■ DATA EXTRACT
——
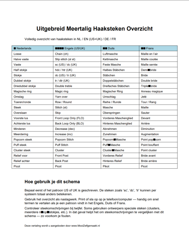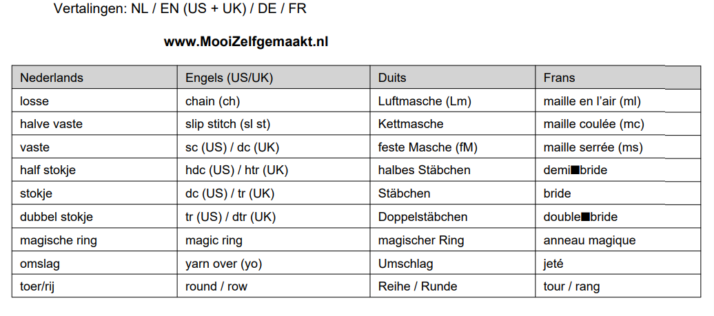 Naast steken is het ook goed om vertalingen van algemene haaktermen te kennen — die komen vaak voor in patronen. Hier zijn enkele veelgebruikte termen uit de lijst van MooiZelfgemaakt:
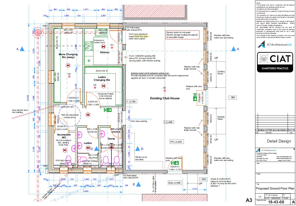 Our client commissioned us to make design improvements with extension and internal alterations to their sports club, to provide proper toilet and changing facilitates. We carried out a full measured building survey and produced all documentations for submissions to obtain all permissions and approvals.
——
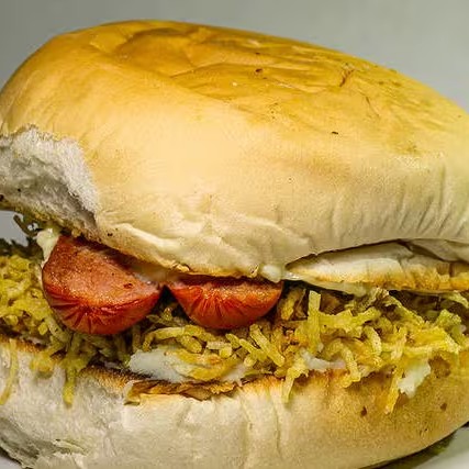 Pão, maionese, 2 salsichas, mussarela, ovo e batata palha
——
■ WHAT YOU SHOULD DO
Copy only these lines from the records above, exactly: the one with "Naast steken is", the one with "Our client commissioned", and those between. Skip the pictures.

■ PROBLEM SOLUTION
 Naast steken is het ook goed om vertalingen van algemene haaktermen te kennen — die komen vaak voor in patronen. Hier zijn enkele veelgebruikte termen uit de lijst van MooiZelfgemaakt:
 Our client commissioned us to make design improvements with extension and internal alterations to their sports club, to provide proper toilet and changing facilitates. We carried out a full measured building survey and produced all documentations for submissions to obtain all permissions and approvals.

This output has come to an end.